Ce 2ème rapport d’étape rend compte de la conduite de chaque réforme, mais aussi de son degré d’ambition et de ses premiers résultats, dans l’intérêt des citoyens, des fonctionnaires et des finances publiques.
« 95 % des mesures adoptées par le Président de la République et le Gouvernement, lors des conseils de modernisation des politiques publiques, sont en cours de mise en œuvre. 75 % respectent le calendrier prévu. 20 % connaissent des retards ou des difficultés.
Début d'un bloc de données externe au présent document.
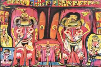 In the decade following the creation of the Wirklichkeiten group of artists, Franz Ringel concentrated on a series of paintings featuring naked bodies seen mostly face forward. His human figures are highly exaggerated and often have sexual connotations. They refer constantly to the artist himself; as he wrote, ‘I am actually incredibly locked up, trapped, bound in my own person. I have tried to free myself, but I cannot. The more I paint, the more I paint myself.’ In addition to Eros, Ringel was driven by fear, producing works which repeatedly show a split and multiplication of the subject, often through many eyes in one head or through figures that have grown together into a duality and often only have one torso. They are sometimes referred to as his Hermaphrodite Paintings.

Pour ces dernières, ainsi que pour les 5% de décisions encore non appliquées, des décisions correctrices et un nouveau calendrier ont été décidés ».
Eric Woerth a souligné qu’une nouvelle phase de la RGPP était en cours de lancement, parallèlement à ce dispositif de suivi de la mise en œuvre. Cela concerne notamment la gestion des opérateurs de l’Etat et une meilleure maîtrise des dépenses de fonctionnement. « Il est particulièrement nécessaire, pour préparer la France à la sortie de la crise, de dégager des marges de manœuvre et de concentrer les moyens publics sur les enjeux prioritaires ».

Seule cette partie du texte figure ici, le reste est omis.